* [Exercise material]
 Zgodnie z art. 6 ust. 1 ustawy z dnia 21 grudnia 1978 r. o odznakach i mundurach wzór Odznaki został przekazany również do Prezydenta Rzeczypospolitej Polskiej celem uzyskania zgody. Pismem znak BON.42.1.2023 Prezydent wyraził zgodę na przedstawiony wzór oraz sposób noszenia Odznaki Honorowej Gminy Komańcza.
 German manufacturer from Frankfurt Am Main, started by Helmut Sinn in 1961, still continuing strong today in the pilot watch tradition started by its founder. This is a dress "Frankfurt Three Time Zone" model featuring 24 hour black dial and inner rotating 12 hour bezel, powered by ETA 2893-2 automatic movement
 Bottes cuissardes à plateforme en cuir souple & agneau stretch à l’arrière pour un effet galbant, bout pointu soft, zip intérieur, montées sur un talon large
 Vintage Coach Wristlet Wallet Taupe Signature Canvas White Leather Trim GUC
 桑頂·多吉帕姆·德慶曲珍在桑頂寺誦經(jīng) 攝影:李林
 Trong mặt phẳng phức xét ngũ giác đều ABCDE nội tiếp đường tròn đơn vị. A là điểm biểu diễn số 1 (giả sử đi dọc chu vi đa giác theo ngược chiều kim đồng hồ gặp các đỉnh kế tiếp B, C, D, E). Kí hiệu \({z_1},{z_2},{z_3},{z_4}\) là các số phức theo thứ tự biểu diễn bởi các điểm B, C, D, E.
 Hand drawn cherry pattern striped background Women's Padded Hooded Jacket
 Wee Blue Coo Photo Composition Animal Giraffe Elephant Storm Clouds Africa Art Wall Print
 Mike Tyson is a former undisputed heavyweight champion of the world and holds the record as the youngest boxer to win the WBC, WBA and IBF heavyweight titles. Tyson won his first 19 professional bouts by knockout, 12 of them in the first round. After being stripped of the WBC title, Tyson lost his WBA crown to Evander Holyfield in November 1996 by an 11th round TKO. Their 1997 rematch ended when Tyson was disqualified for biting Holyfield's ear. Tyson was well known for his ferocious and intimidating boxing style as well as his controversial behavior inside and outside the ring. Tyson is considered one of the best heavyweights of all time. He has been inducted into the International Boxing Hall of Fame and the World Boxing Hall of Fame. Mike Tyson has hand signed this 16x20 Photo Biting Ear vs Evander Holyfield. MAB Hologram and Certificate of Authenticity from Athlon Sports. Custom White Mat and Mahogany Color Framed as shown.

* [Assignment]
Set down exactly the lines of the data above, beginning with the line that has "Bottes cuissardes à" and ending with the line that has "Trong mặt phẳng", and no others.

* [Task solution]
 Bottes cuissardes à plateforme en cuir souple & agneau stretch à l’arrière pour un effet galbant, bout pointu soft, zip intérieur, montées sur un talon large
 Vintage Coach Wristlet Wallet Taupe Signature Canvas White Leather Trim GUC
 桑頂·多吉帕姆·德慶曲珍在桑頂寺誦經(jīng) 攝影:李林
 Trong mặt phẳng phức xét ngũ giác đều ABCDE nội tiếp đường tròn đơn vị. A là điểm biểu diễn số 1 (giả sử đi dọc chu vi đa giác theo ngược chiều kim đồng hồ gặp các đỉnh kế tiếp B, C, D, E). Kí hiệu \({z_1},{z_2},{z_3},{z_4}\) là các số phức theo thứ tự biểu diễn bởi các điểm B, C, D, E.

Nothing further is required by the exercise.